Only Watson could find a run for mayor a relaxing career change, but Liz explains that holding elected office was his dream. "It was kind of a follow-your-heart situation. We know how short life is, and you might as well do what you love doing," she explains. Watson had already sown his political oats as chair of the Texas Air Quality Control Board, the Travis County Democratic Party, and on the Governmental Board of the Austin Chamber of Commerce -- battling with cancer all the while. The disease has not recurred, but it's with Watson every day, in the form of humor. "He'll say: `I've been gutted and castrated, what else can they do to me?' He's just nuts," laughs college buddy Richard Suttle, lawyer for FM Properties at the Circle C subdivision.
Most telling, though, is that for all the political motivations often attributed to Watson's run for mayor, when asked about his goal for the city, it is entirely personal. "In 15 years, I want this place that grabbed me and Liz to grab [my son] in the same way."
Perhaps Watson's soul-searching battle with cancer is the key to understanding how a hard-driving trial lawyer becomes the most popular guy at city hall. Watson displayed his sensitive side right off the bat with his arrangement of a "warm and fuzzy" council and city staff retreat immediately following the election. But the real culture shock stems from the small touches. The unlikely harbingers of the change in mood were seven bouquets of gerbera daisies, courtesy of Watson, set in front of each council seat at the first Green Council meeting -- and at every meeting since.
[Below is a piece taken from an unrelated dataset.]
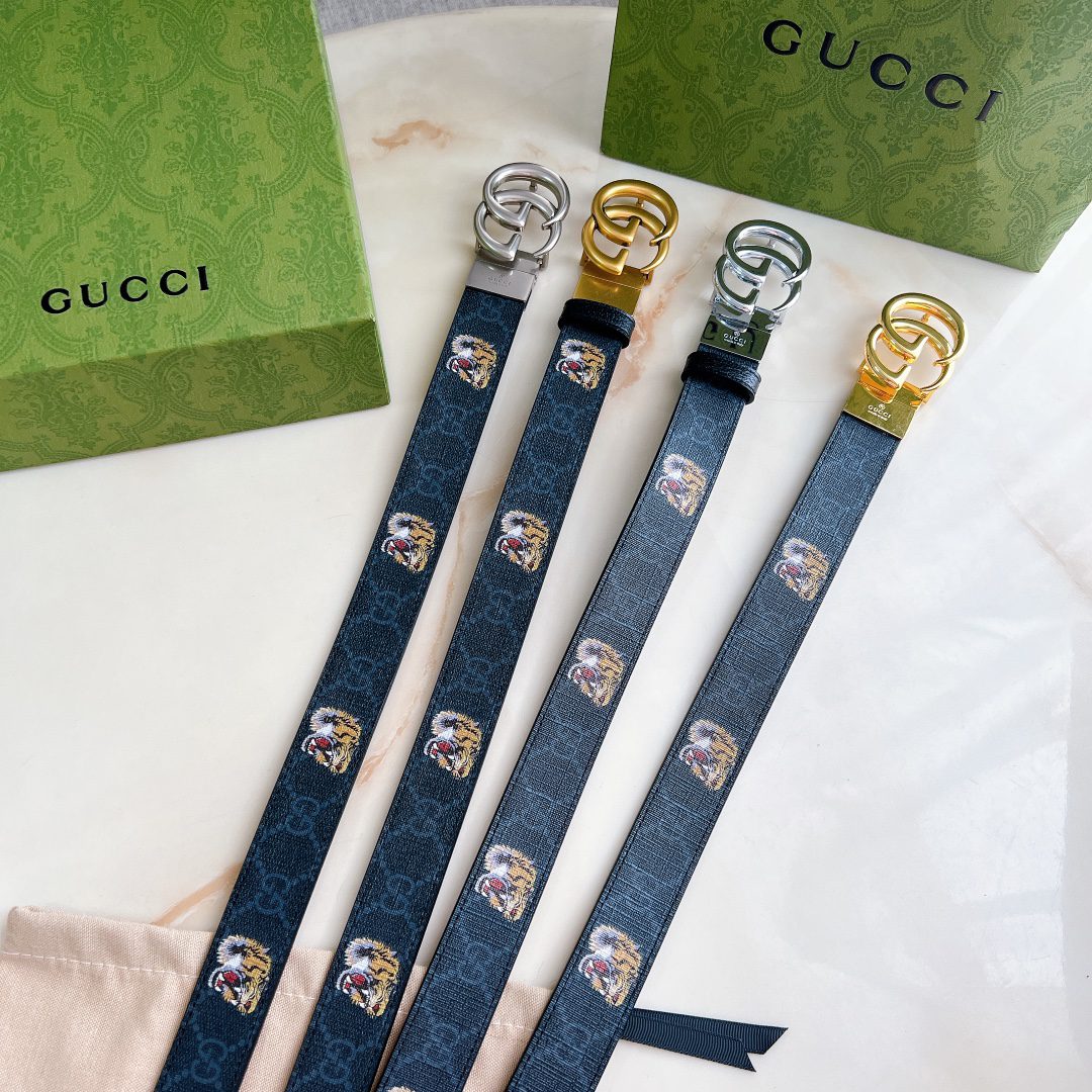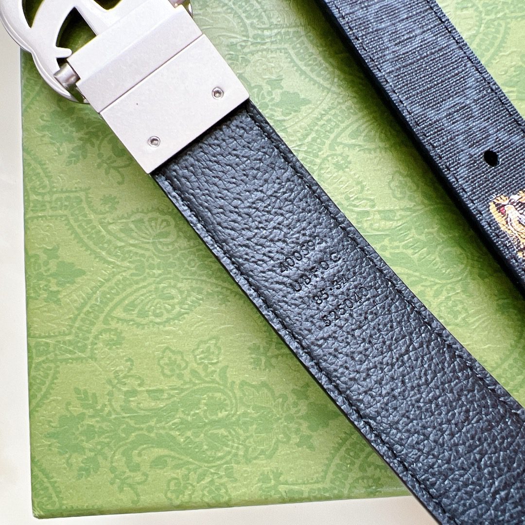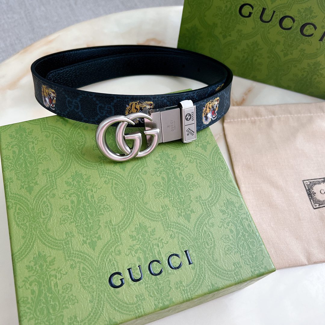 Gucci, width cm, new style reversible leather belt with print and pigskin texture. Accessories continue to lead the trend of Gucci’s new series, demonstrating outstanding quality with unique rich details and practical functions. The highly recognizable double G buckle element makes the entire belt more attractive D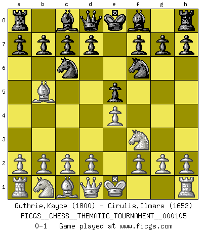 Last move : 0-1 2010 April 10 20:50:18 [Event "FICGS__CHESS__THEMATIC_TOURNAMENT__000105"] [Site "FICGS"] [Date "2010.03.01"] [Round "1"] [White "Guthrie,Kayce"] [Black "Cirulis,Ilmars"] [Result "0-1"] [WhiteElo "1800"] [BlackElo "1652"] 1.e4 e5 2.Nf3 Nc6 3.Bb5 Nf6 0-1 This chess game has been lost on time (started : 2010.03.01 18:0:47) Ruy Lopez : Berlin defense Player Black won this chess game. Follow this game move after move (download)When I have White, I win because I am white; When I have Black, I win because I am Bogolyubov. (Bogolyubov) Schon mancher Spieler hat aufgegeben, um zu vermeiden, daß er eine Figur verliert. (Savielly Grigorievitsch Tartakower) El jugador táctico sabe que hacer cuando hay algo que hacer; mientras que el estratega sabe que hacer cuando no hay nada que hacer. (Gerald Abrahams) 'L'échange des dames est un coup dur pour les deux adversaires...' Un journaliste lors d'une partie du match Spassky-Fischer May I never be complete. May I never be content. May I never be perfect. Deliver me, Tyler, from being perfect and complete. (Chuck Palahniuk, Fight Club)

"I wouldn't have thought of the flowers," says Goodman, "but when they showed up I thought, `Right. That's such a Kirk thing.'"
And such gestures abound. Director of Finance Betty Dunkerley was awed by Watson's simple act of "coming up the elevator" following passage of the city budget to personally thank the budget analysts. Low woman on the totem pole, city clerk's receptionist Dena Reed, concurs. "When I first met him, he came up to me and asked me how I felt instead of telling me what he wanted done, and that's very different," she says. "Usually a person in his position would dictate, but I feel like he's a friend."
Watson is more in line with the common folk than the last mayor, notes Slusher, who says he was shocked upon his first visit to the mayor's office after the changeover. "There's paper on your desk!" exclaimed Slusher. "That's just what the mayor pro tem said," Watson replied curiously. According to Slusher, Todd had kept the office "like a museum."
Watson also moved the office furniture from what had been an all-eyes-on-Bruce arrangement into a comfortable, conversational circle.
Contrary to assumptions that sensitivity would soften productivity, however, the camaraderie is effectively greasing the wheels at city hall these days. "It's not laid back at all. It's friendly and ribald at times, but it's very serious business," Slusher says. Still, observers can't help but notice how cozy all the councilmembers are with each other. There's even a rumor going around that most of them actually like each other.
More inclined to self-deprecating humor than to discussing his strengths, Watson attributes the new council's success to a simple strategy. "It's time to create, and that means creating new ways to deal with each other," Watson says. "I think the city's ready for some of that." -- K.V.